Segment Start: PROVIDED DATA
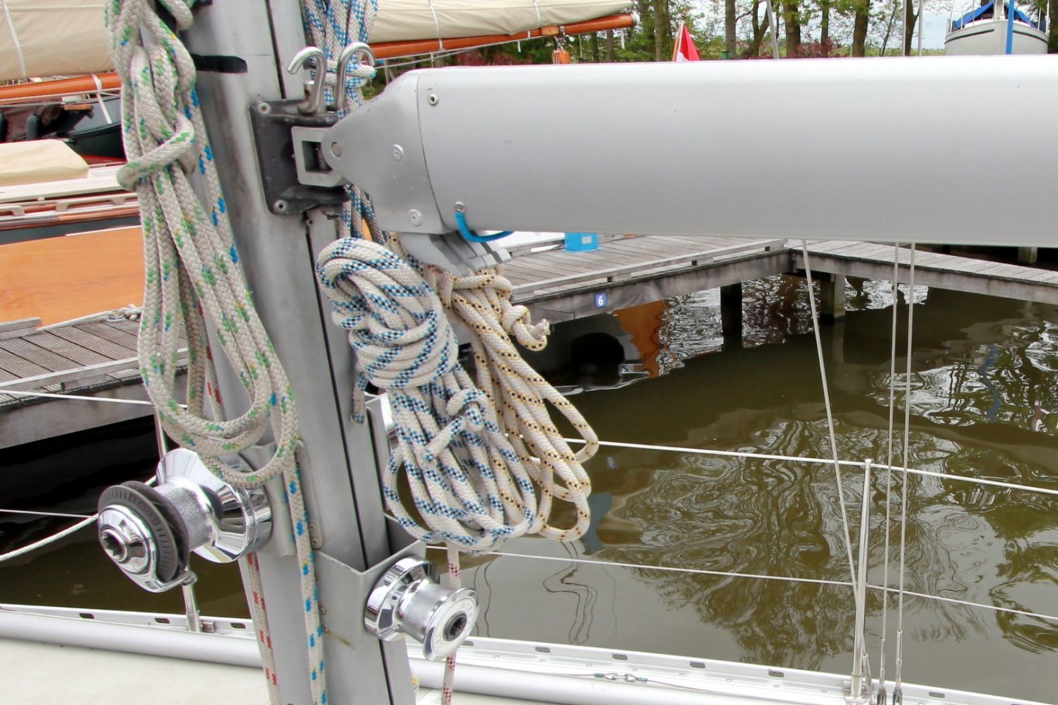 2x Lewmar 30ST genualier, 1 x vallier op kajuitdak, 3 x lier op mast
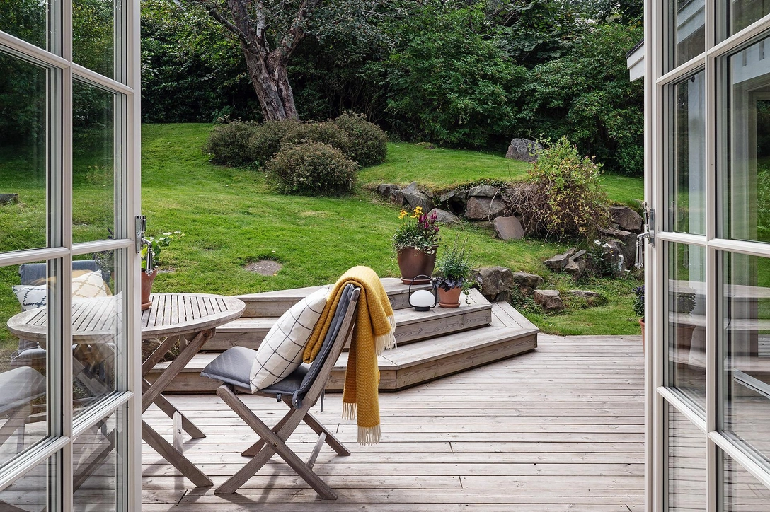 Из столовой можно выйти в сад — здесь хорошо сидеть летними вечерами. На небольшой возвышенности есть даже небольшая зона с шезлонгами. А как начнет немного холодать — можно переместиться на уютную летнюю веранду и собраться за деревянным столом.
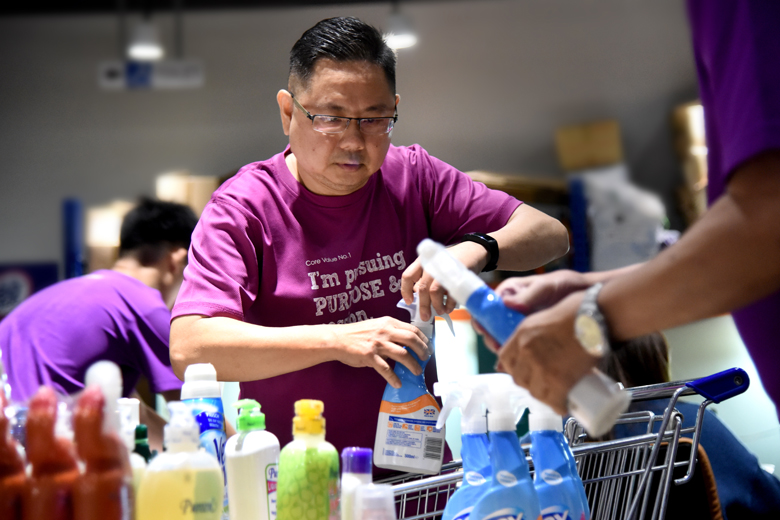 Mr Loo Poh Thye, who works part-time at social enterprise GobblerCo, packing and distributing groceries. A stroke two years ago affected the left side of Mr Loo's body and he underwent two years of rehabilitation.
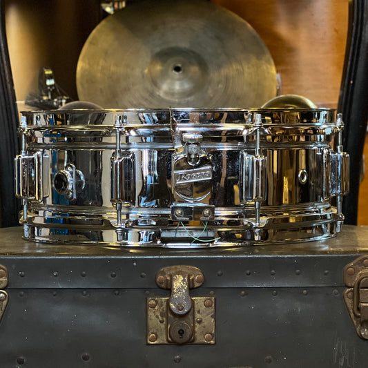 VINTAGE 1970's Rogers 5x14 Chrome over Brass Big R Power Tone Snare
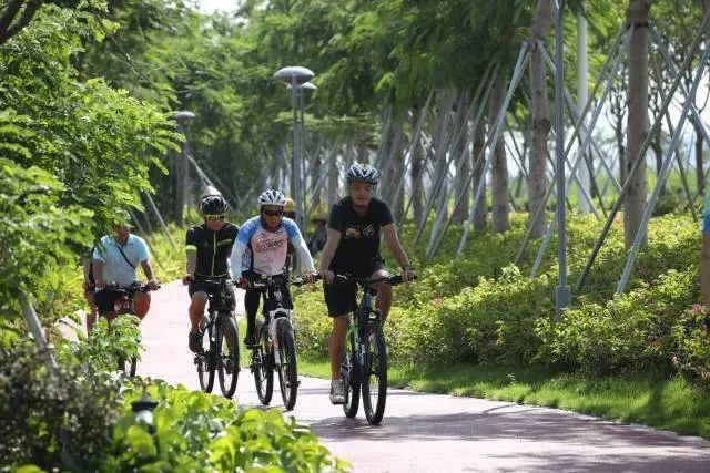 中心河湿地公园,骑行爱好者在林间绿道惬意穿行。
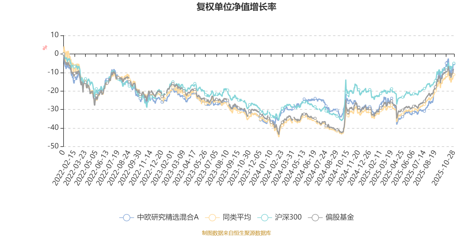 截至10月28日,中欧研究精选混合A近三个月复权单位净值增长率为29.48%,位于同类可比基金36/265;近半年复权单位净值增长率为43.09%,位于同类可比基金53/265;近一年复权单位净值增长率为27.68%,位于同类可比基金127/265;近三年复权单位净值增长率为29.22%,位于同类可比基金95/253。
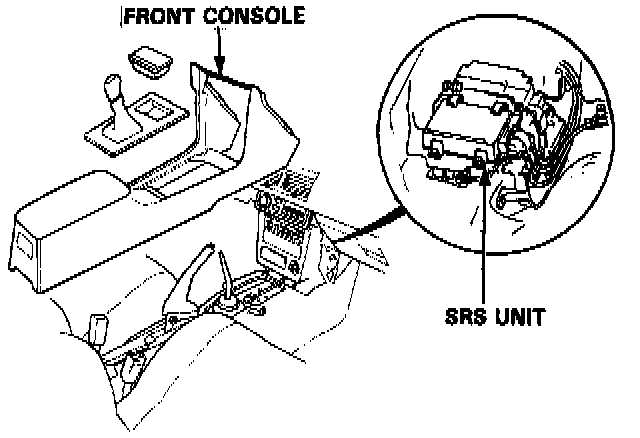NOTE: SRS wire harness is routed near the console.WARNING: All SRS wire harness and connectors are colored yellow. Do not use electrical test equipment on these circuits.
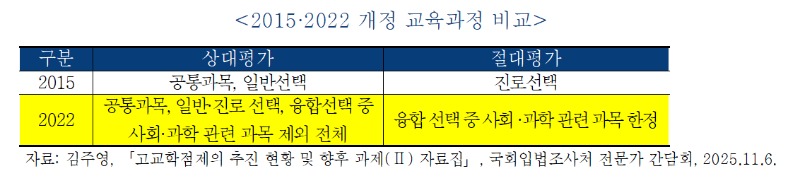 셋째, 현재 고1 학생이 내년부터 본격적으로 선택과목을 이수하게 되는데, 선택과목의 절대평가 전환 여부도 시급한 사항이기 때문에 국교위에서 신속히 검토하여 내년 학기 시작 전까지 결론을 내야 한다.
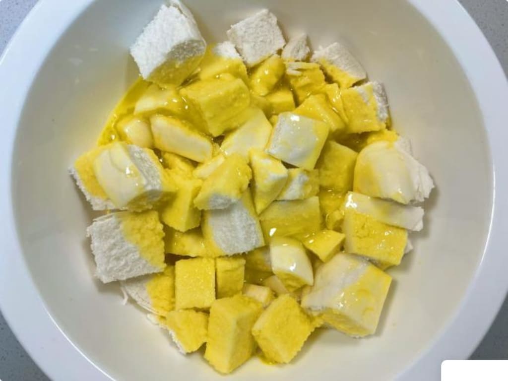 Heat a generous amount of oil in a pan (too little oil will make them stick or dry out). Once the oil is hot (test by hovering your hand above—you should feel the heat), reduce to medium heat and pour in the egg-coated bun cubes. Don’t stir immediately! Let them sit for 10–15 seconds so the bottom layer sets, then gently flip and stir. Keep stirring patiently as the cubes turn golden and crisp, developing a slightly crunchy exterior while releasing a rich, eggy aroma. Once uniformly golden, remove them from the pan and set aside.
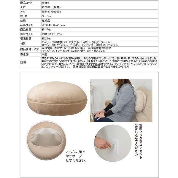【送料無料(北海道・沖縄・離島を除く)】クロシオ 90069 マッサージクッション プチシフォン ベージュ【医療機器】【メーカー直送】【同梱/代引不可】【マッサージ器】
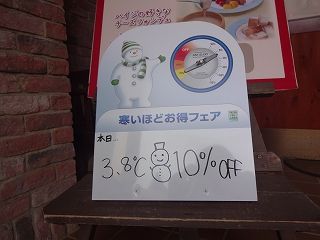 2014年02月02日 寒いほどお得フェア 公開済み: 2014年2月2日更新: 2014年2月2日作成者: ハイジの村カテゴリー: blog あっという間に1月も終わり 昨日から寒いほどお得フェアが始まりました。 2月28日(金)までの毎朝午前10時の 気温で値引きが変わります。 その日その日によって違うので 今日は何度かなー。というワクワクがあるので 私は毎朝楽しみです。 レストランボルケーノの ハイジの好きなチーズフォンデュ(2名様より)と オムライス(サラダ・スープ付)が対象商品です。 ちなみに今日の気温は 3.8℃なので10%OFF。 嬉しいなーー。 めぐ
Segment End: PROVIDED DATA
WORK ITEM - Leave nothing out but the pictures when transcribing the records.

EXPECTED ANSWER -
 2x Lewmar 30ST genualier, 1 x vallier op kajuitdak, 3 x lier op mast
 Из столовой можно выйти в сад — здесь хорошо сидеть летними вечерами. На небольшой возвышенности есть даже небольшая зона с шезлонгами. А как начнет немного холодать — можно переместиться на уютную летнюю веранду и собраться за деревянным столом.
 Mr Loo Poh Thye, who works part-time at social enterprise GobblerCo, packing and distributing groceries. A stroke two years ago affected the left side of Mr Loo's body and he underwent two years of rehabilitation.
 VINTAGE 1970's Rogers 5x14 Chrome over Brass Big R Power Tone Snare
 中心河湿地公园,骑行爱好者在林间绿道惬意穿行。
 截至10月28日,中欧研究精选混合A近三个月复权单位净值增长率为29.48%,位于同类可比基金36/265;近半年复权单位净值增长率为43.09%,位于同类可比基金53/265;近一年复权单位净值增长率为27.68%,位于同类可比基金127/265;近三年复权单位净值增长率为29.22%,位于同类可比基金95/253。
NOTE: SRS wire harness is routed near the console.WARNING: All SRS wire harness and connectors are colored yellow. Do not use electrical test equipment on these circuits.
 셋째, 현재 고1 학생이 내년부터 본격적으로 선택과목을 이수하게 되는데, 선택과목의 절대평가 전환 여부도 시급한 사항이기 때문에 국교위에서 신속히 검토하여 내년 학기 시작 전까지 결론을 내야 한다.
 Heat a generous amount of oil in a pan (too little oil will make them stick or dry out). Once the oil is hot (test by hovering your hand above—you should feel the heat), reduce to medium heat and pour in the egg-coated bun cubes. Don’t stir immediately! Let them sit for 10–15 seconds so the bottom layer sets, then gently flip and stir. Keep stirring patiently as the cubes turn golden and crisp, developing a slightly crunchy exterior while releasing a rich, eggy aroma. Once uniformly golden, remove them from the pan and set aside.
【送料無料(北海道・沖縄・離島を除く)】クロシオ 90069 マッサージクッション プチシフォン ベージュ【医療機器】【メーカー直送】【同梱/代引不可】【マッサージ器】
 2014年02月02日 寒いほどお得フェア 公開済み: 2014年2月2日更新: 2014年2月2日作成者: ハイジの村カテゴリー: blog あっという間に1月も終わり 昨日から寒いほどお得フェアが始まりました。 2月28日(金)までの毎朝午前10時の 気温で値引きが変わります。 その日その日によって違うので 今日は何度かなー。というワクワクがあるので 私は毎朝楽しみです。 レストランボルケーノの ハイジの好きなチーズフォンデュ(2名様より)と オムライス(サラダ・スープ付)が対象商品です。 ちなみに今日の気温は 3.8℃なので10%OFF。 嬉しいなーー。 めぐ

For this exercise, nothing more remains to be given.